*Data supplied*
===============

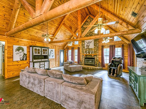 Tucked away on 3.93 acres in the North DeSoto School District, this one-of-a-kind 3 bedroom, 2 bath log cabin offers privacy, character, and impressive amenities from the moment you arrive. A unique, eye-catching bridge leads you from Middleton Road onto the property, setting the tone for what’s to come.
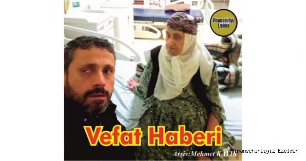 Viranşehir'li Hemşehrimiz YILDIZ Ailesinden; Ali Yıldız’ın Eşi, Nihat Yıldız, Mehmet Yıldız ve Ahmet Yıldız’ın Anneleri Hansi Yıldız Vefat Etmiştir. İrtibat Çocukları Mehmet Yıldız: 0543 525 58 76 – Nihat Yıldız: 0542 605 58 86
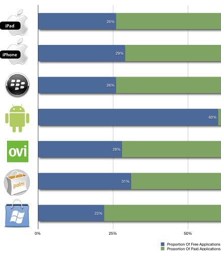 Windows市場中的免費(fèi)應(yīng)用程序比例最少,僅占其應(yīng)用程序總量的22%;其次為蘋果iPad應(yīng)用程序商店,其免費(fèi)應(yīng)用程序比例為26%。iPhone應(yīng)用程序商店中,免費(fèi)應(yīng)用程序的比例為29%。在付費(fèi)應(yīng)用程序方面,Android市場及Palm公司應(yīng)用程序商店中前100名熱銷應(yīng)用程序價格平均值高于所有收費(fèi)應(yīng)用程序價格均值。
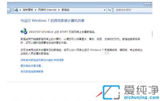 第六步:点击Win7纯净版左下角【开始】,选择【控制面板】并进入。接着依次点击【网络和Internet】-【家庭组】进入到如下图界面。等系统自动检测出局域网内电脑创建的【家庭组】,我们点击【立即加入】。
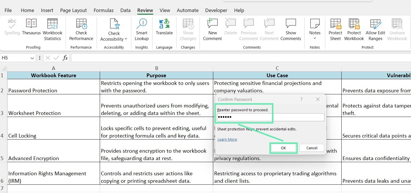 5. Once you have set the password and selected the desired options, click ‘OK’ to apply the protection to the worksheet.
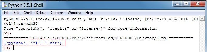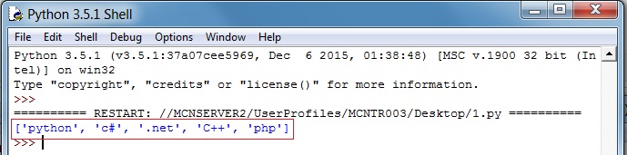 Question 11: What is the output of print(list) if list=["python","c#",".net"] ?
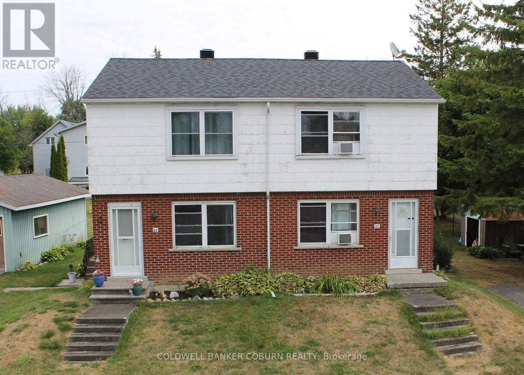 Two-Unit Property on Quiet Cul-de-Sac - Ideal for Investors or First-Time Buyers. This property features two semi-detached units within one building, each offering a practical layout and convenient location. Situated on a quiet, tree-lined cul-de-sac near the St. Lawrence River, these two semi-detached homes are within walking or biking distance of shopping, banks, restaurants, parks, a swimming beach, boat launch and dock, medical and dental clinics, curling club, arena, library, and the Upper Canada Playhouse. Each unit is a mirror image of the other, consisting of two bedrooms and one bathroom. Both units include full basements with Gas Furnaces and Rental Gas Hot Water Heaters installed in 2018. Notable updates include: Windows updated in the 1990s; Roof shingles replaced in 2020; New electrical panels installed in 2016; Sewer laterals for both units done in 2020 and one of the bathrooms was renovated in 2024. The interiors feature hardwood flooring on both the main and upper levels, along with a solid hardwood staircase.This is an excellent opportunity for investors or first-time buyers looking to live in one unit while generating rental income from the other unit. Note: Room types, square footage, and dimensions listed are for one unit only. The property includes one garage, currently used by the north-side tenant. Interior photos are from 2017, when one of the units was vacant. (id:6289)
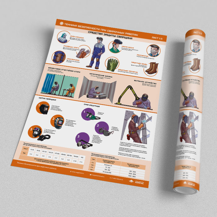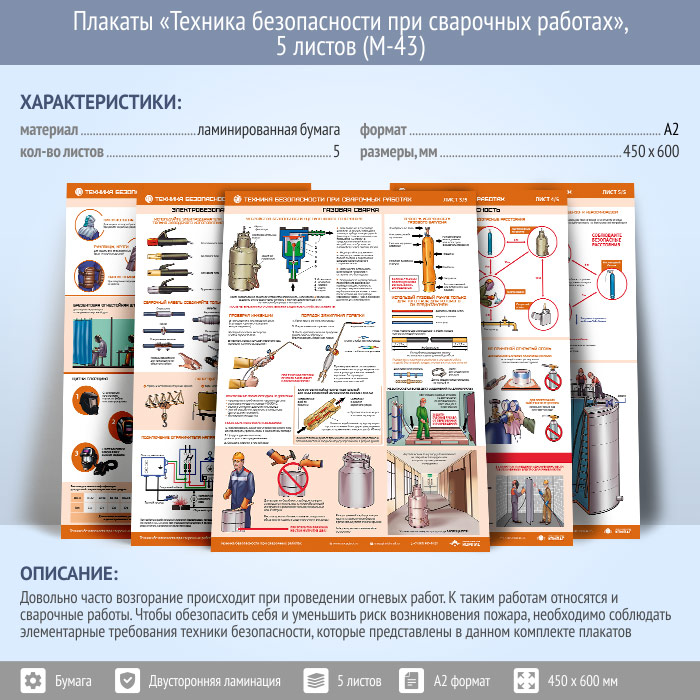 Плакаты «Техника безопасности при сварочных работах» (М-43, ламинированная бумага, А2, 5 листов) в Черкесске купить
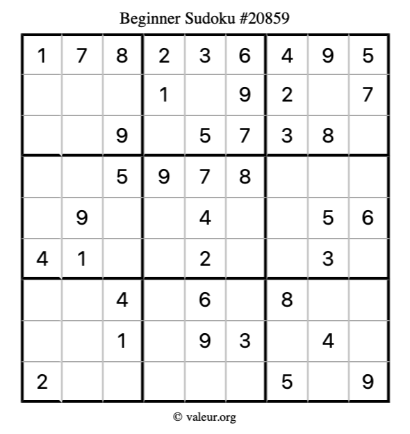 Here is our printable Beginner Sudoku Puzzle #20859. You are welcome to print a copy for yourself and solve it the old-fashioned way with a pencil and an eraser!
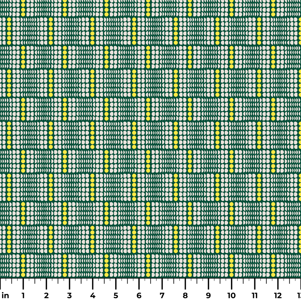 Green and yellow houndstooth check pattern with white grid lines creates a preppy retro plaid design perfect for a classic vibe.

===============

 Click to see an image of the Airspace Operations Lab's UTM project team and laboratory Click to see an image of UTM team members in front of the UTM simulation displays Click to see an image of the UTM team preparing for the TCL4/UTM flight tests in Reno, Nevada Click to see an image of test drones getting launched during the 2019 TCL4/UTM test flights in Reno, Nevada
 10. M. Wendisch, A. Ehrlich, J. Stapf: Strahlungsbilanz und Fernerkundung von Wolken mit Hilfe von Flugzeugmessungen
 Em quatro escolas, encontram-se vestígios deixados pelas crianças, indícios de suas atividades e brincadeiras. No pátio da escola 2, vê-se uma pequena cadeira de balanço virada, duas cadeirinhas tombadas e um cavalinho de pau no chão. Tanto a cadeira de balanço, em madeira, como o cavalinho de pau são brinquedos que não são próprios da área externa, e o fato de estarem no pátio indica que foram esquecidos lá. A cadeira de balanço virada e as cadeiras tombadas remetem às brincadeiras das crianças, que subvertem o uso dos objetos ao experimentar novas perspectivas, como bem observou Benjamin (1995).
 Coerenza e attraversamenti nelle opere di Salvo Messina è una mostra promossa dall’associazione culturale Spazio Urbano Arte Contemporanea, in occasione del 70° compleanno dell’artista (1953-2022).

===============

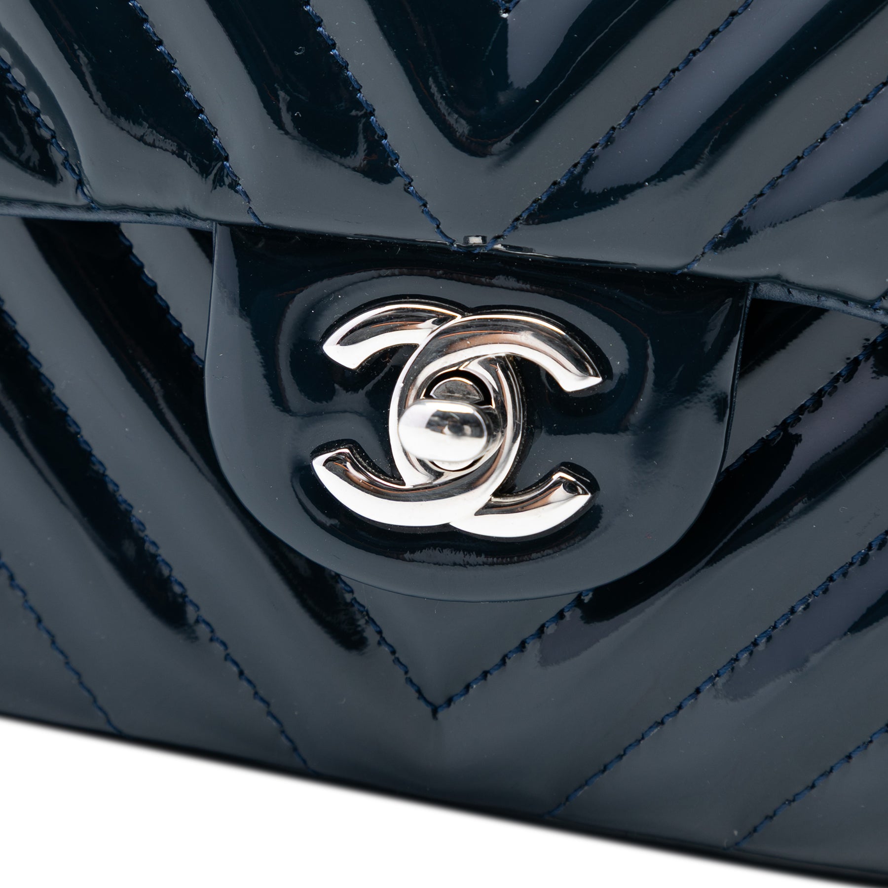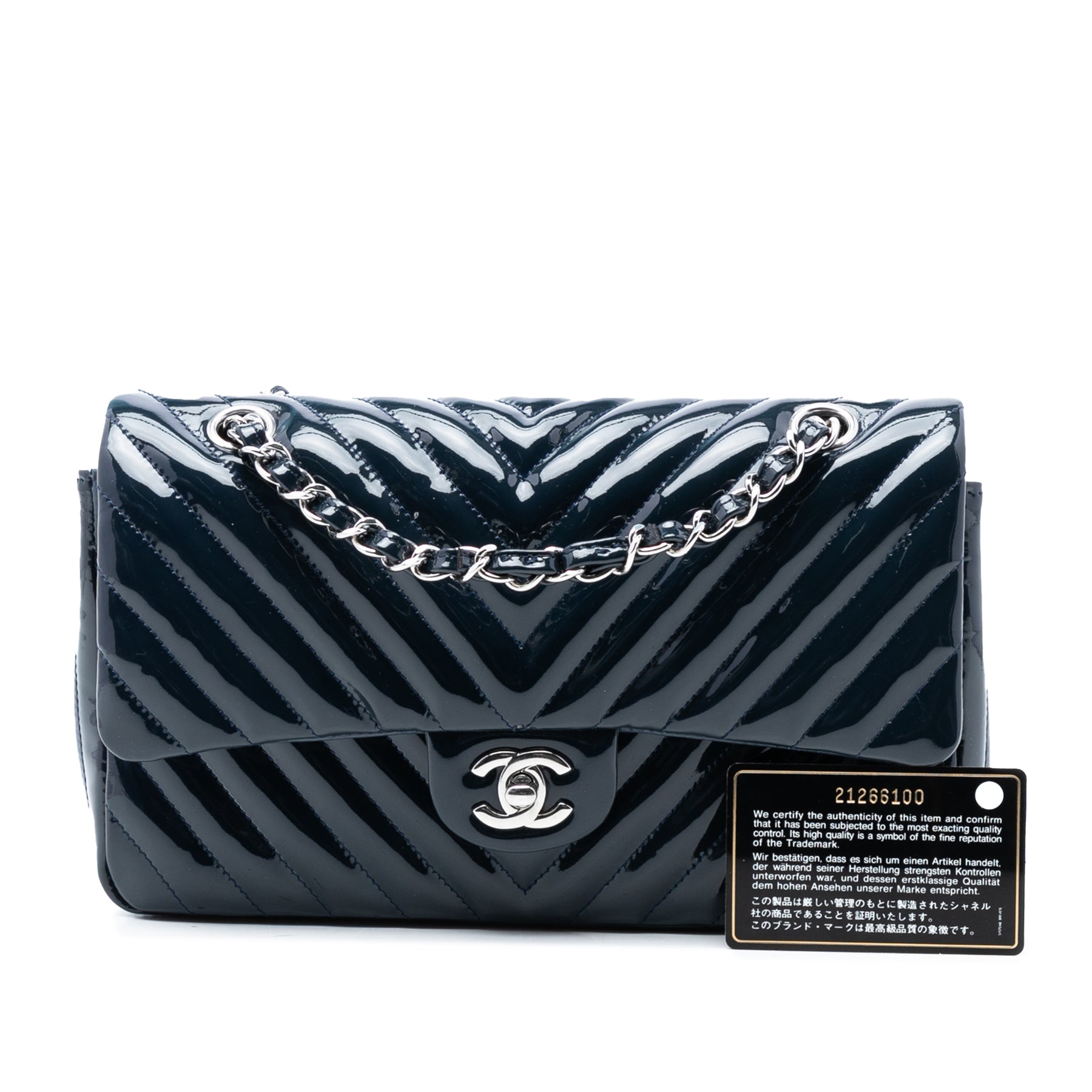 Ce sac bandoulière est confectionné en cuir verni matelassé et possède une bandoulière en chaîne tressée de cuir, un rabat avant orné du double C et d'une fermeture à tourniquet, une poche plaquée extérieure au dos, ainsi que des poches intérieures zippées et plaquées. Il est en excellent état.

===============

Leaving out all pictures, set down exactly the lines of the material above, from the line with "Tucked away on" to the line with "Question 11: What" inclusive, and no others.

*Exercise response*
 Tucked away on 3.93 acres in the North DeSoto School District, this one-of-a-kind 3 bedroom, 2 bath log cabin offers privacy, character, and impressive amenities from the moment you arrive. A unique, eye-catching bridge leads you from Middleton Road onto the property, setting the tone for what’s to come.
 Viranşehir'li Hemşehrimiz YILDIZ Ailesinden; Ali Yıldız’ın Eşi, Nihat Yıldız, Mehmet Yıldız ve Ahmet Yıldız’ın Anneleri Hansi Yıldız Vefat Etmiştir. İrtibat Çocukları Mehmet Yıldız: 0543 525 58 76 – Nihat Yıldız: 0542 605 58 86
 Windows市場中的免費(fèi)應(yīng)用程序比例最少,僅占其應(yīng)用程序總量的22%;其次為蘋果iPad應(yīng)用程序商店,其免費(fèi)應(yīng)用程序比例為26%。iPhone應(yīng)用程序商店中,免費(fèi)應(yīng)用程序的比例為29%。在付費(fèi)應(yīng)用程序方面,Android市場及Palm公司應(yīng)用程序商店中前100名熱銷應(yīng)用程序價格平均值高于所有收費(fèi)應(yīng)用程序價格均值。
 第六步:点击Win7纯净版左下角【开始】,选择【控制面板】并进入。接着依次点击【网络和Internet】-【家庭组】进入到如下图界面。等系统自动检测出局域网内电脑创建的【家庭组】,我们点击【立即加入】。
 5. Once you have set the password and selected the desired options, click ‘OK’ to apply the protection to the worksheet.
 Question 11: What is the output of print(list) if list=["python","c#",".net"] ?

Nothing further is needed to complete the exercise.